EastMauiWaterfalls
Resource Title: Watershed Education Tools | East Maui Watershed
Organization: East Maui Watershed Partnership
Description:

Watershed Education Tools is a collection of East Maui Watershed Partnership learning resources that teaches students about watersheds, native species, environmental threats, and conservation in Hawaiʻi. It includes narrated presentations, demonstration videos, assessments, virtual field trip materials, and interactive games like Jeopardy and Kahoot, with resources geared to different grade levels.
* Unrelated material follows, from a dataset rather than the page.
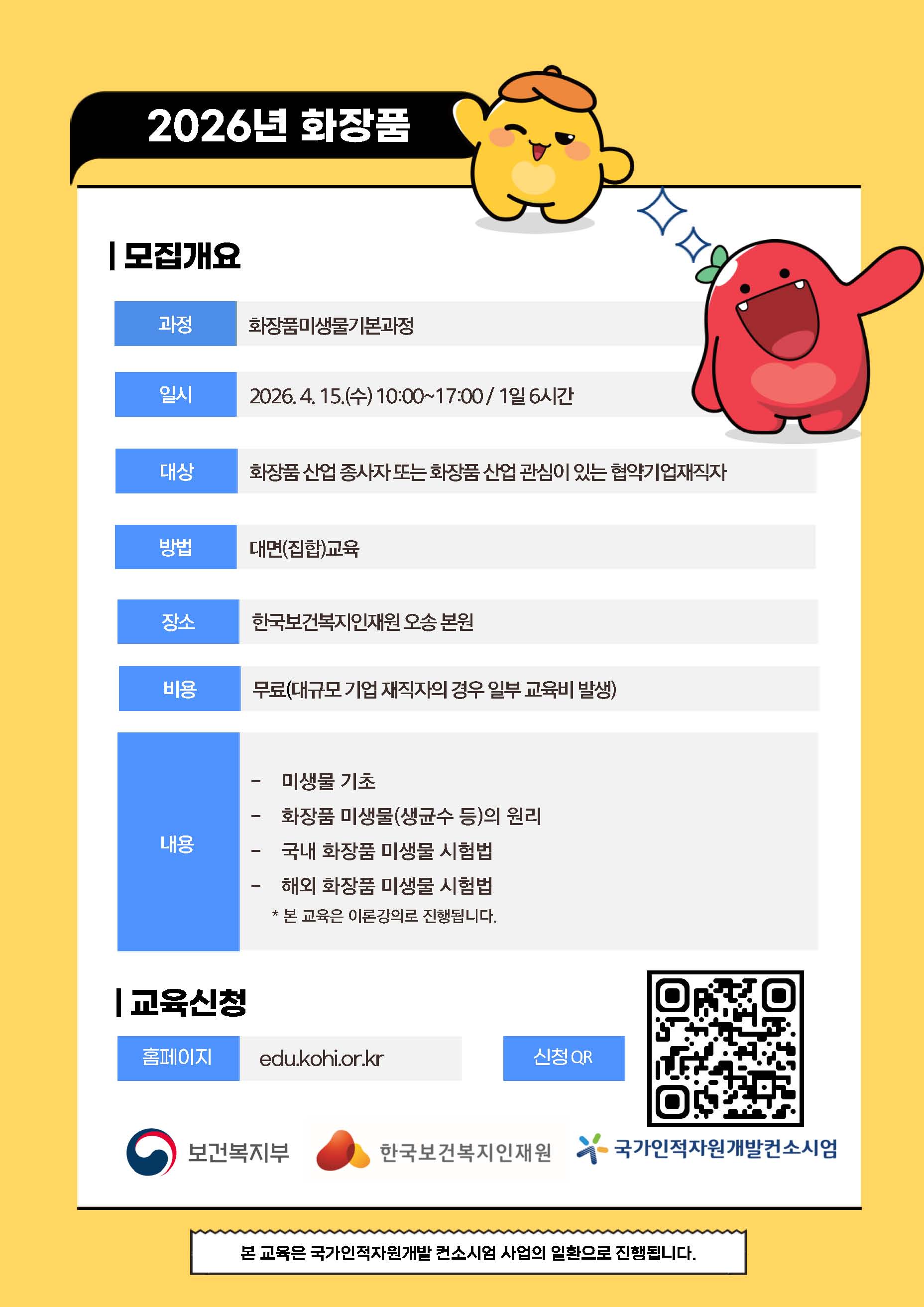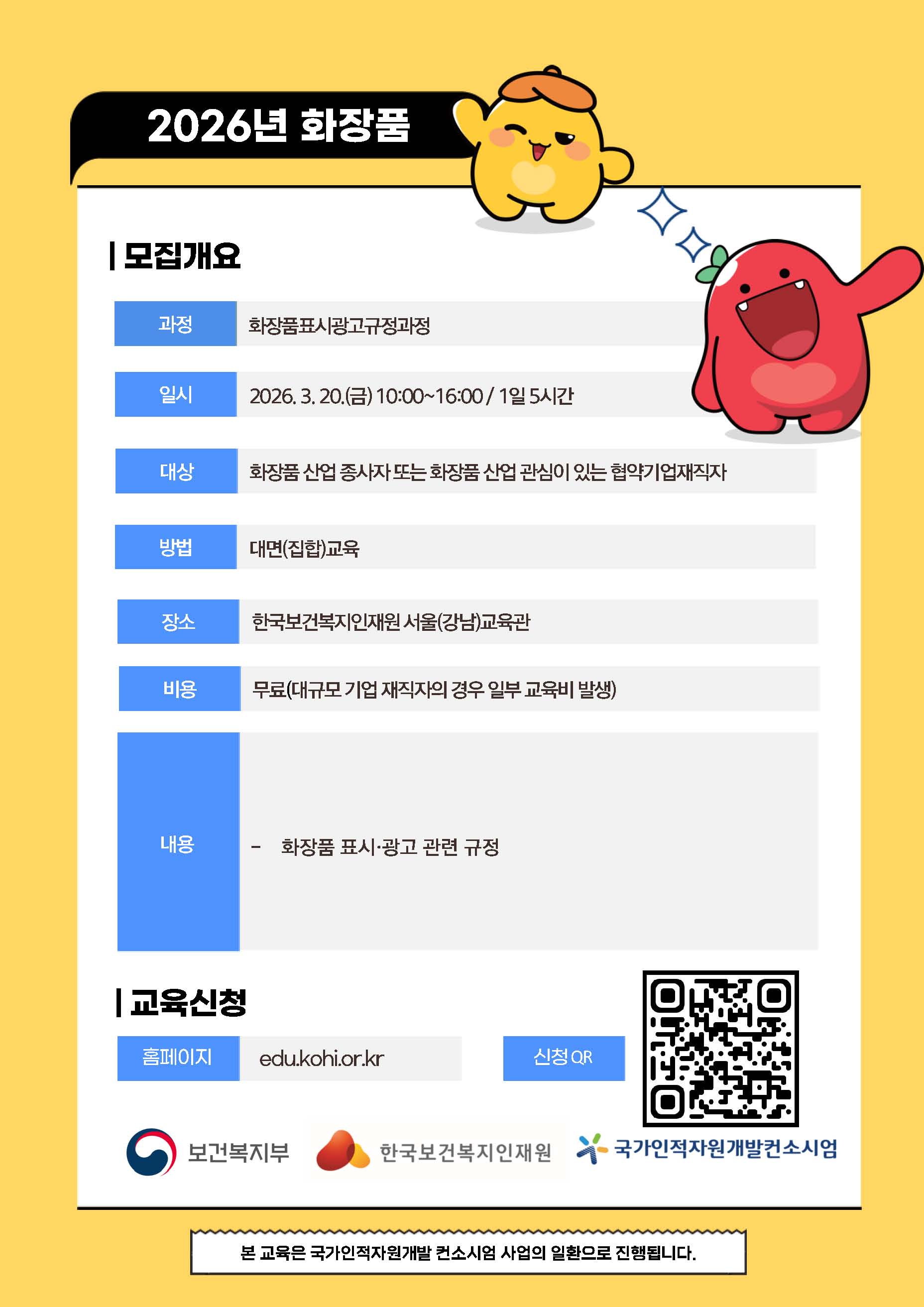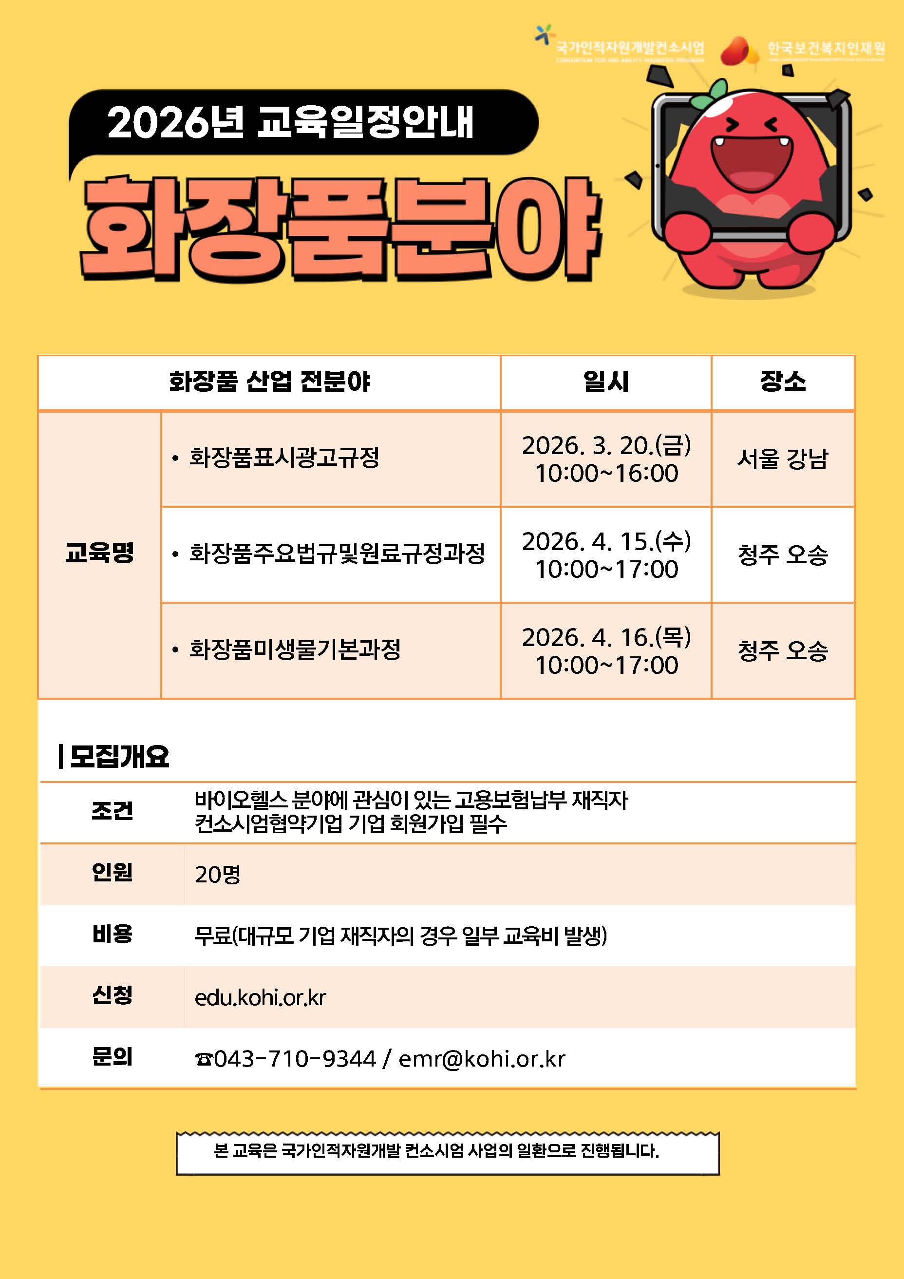 [한국보건복지인재원] 2026년 화장품 분야 교육과정 안내 (3-4월)

The collection is designed to support classroom and virtual environmental education while helping educators engage students with place-based, Maui-focused science content.

Target Audience: 3rd - 5th grade, 6th - 12th grade, 6th - 8th grade, 6th grade and above, 7th - 12th grade, Adult Education, Educators, Facilitators, High School, College
Instructional Roles: Assessment, Enrichment, Hook activity, Main lesson
Environment: Classroom, Online only (e.g. interactive map), Self-guided
Content Type: Documentary, Historical, Interactive (Online), STEM investigation
Type Of Engagement: Investigate, Observe, Play / Explore, Reflect, Respond / Submit
Format: Presentation, Video, Webpage
Activity:

   1. Watershed Formation & Function Viewing Session

  • Students watch the Functions of a Watershed presentation and the Watershed Model video to build understanding of how watersheds form, how species arrive and adapt, and why watershed management matters in Hawaiʻi.
  • Follow with the provided Google assessment or a class discussion on water flow, land use, and ecosystem health.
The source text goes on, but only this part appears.